* What you need to do
With the pictures omitted, transcribe each line below exactly as it is.

Recorded information section start

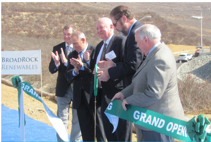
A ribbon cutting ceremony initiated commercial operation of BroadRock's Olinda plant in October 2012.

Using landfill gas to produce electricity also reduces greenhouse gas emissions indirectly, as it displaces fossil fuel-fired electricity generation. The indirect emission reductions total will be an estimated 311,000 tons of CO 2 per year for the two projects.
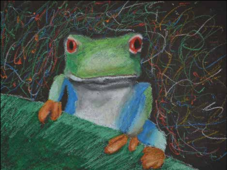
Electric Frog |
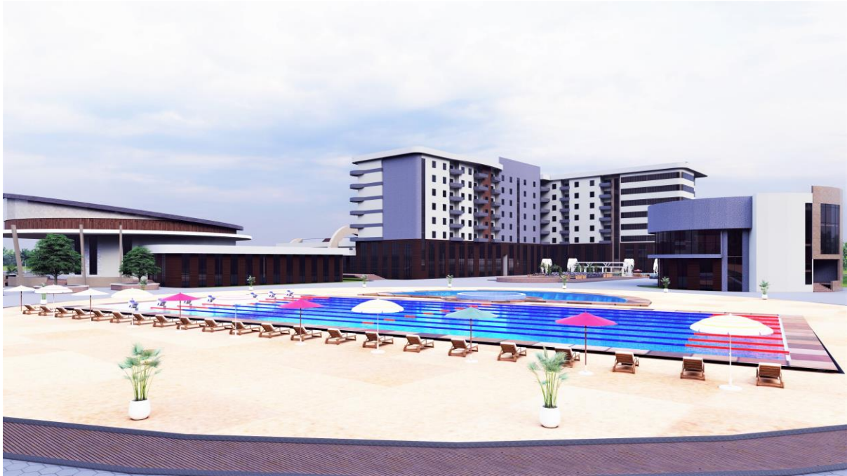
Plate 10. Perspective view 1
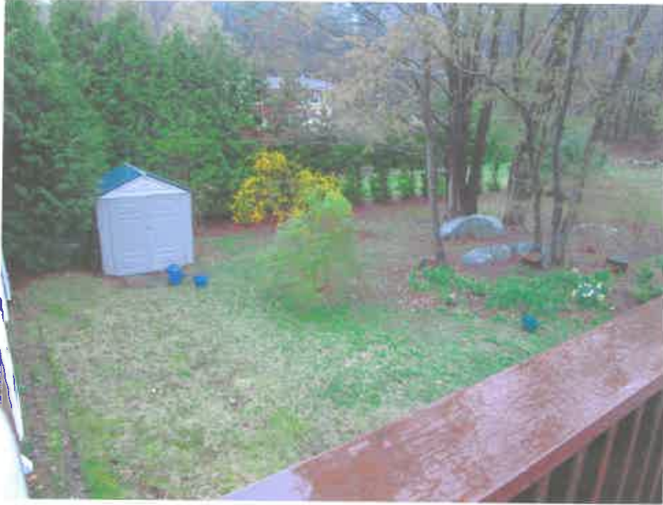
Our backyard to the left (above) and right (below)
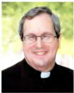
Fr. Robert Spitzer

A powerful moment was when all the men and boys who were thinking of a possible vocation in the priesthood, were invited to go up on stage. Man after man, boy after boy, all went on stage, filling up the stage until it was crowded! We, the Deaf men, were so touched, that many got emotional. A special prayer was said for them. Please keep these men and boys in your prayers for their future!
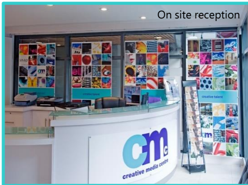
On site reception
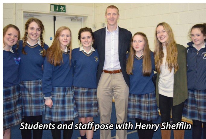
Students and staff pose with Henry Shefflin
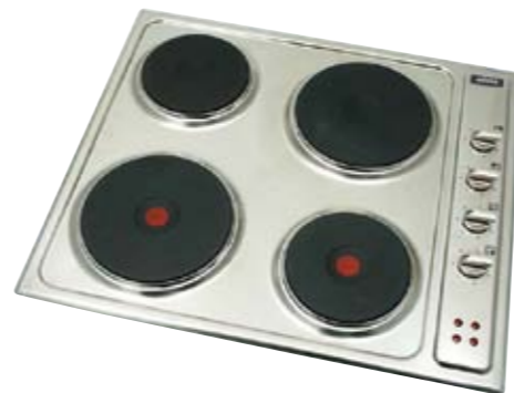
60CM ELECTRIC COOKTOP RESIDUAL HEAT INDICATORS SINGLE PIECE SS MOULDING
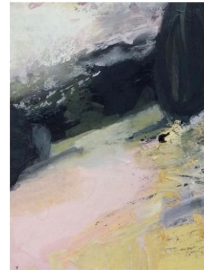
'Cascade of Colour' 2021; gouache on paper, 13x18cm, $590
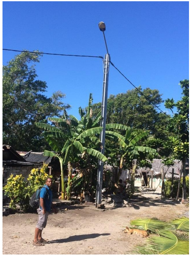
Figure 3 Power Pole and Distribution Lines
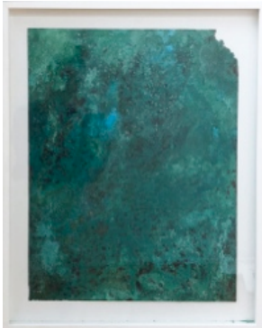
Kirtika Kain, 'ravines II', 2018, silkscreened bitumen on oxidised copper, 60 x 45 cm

Recorded information section end

* Solution to this exercise
A ribbon cutting ceremony initiated commercial operation of BroadRock's Olinda plant in October 2012.

Using landfill gas to produce electricity also reduces greenhouse gas emissions indirectly, as it displaces fossil fuel-fired electricity generation. The indirect emission reductions total will be an estimated 311,000 tons of CO 2 per year for the two projects.
Electric Frog |
Plate 10. Perspective view 1
Our backyard to the left (above) and right (below)
Fr. Robert Spitzer

A powerful moment was when all the men and boys who were thinking of a possible vocation in the priesthood, were invited to go up on stage. Man after man, boy after boy, all went on stage, filling up the stage until it was crowded! We, the Deaf men, were so touched, that many got emotional. A special prayer was said for them. Please keep these men and boys in your prayers for their future!
On site reception
Students and staff pose with Henry Shefflin
60CM ELECTRIC COOKTOP RESIDUAL HEAT INDICATORS SINGLE PIECE SS MOULDING
'Cascade of Colour' 2021; gouache on paper, 13x18cm, $590
Figure 3 Power Pole and Distribution Lines
Kirtika Kain, 'ravines II', 2018, silkscreened bitumen on oxidised copper, 60 x 45 cm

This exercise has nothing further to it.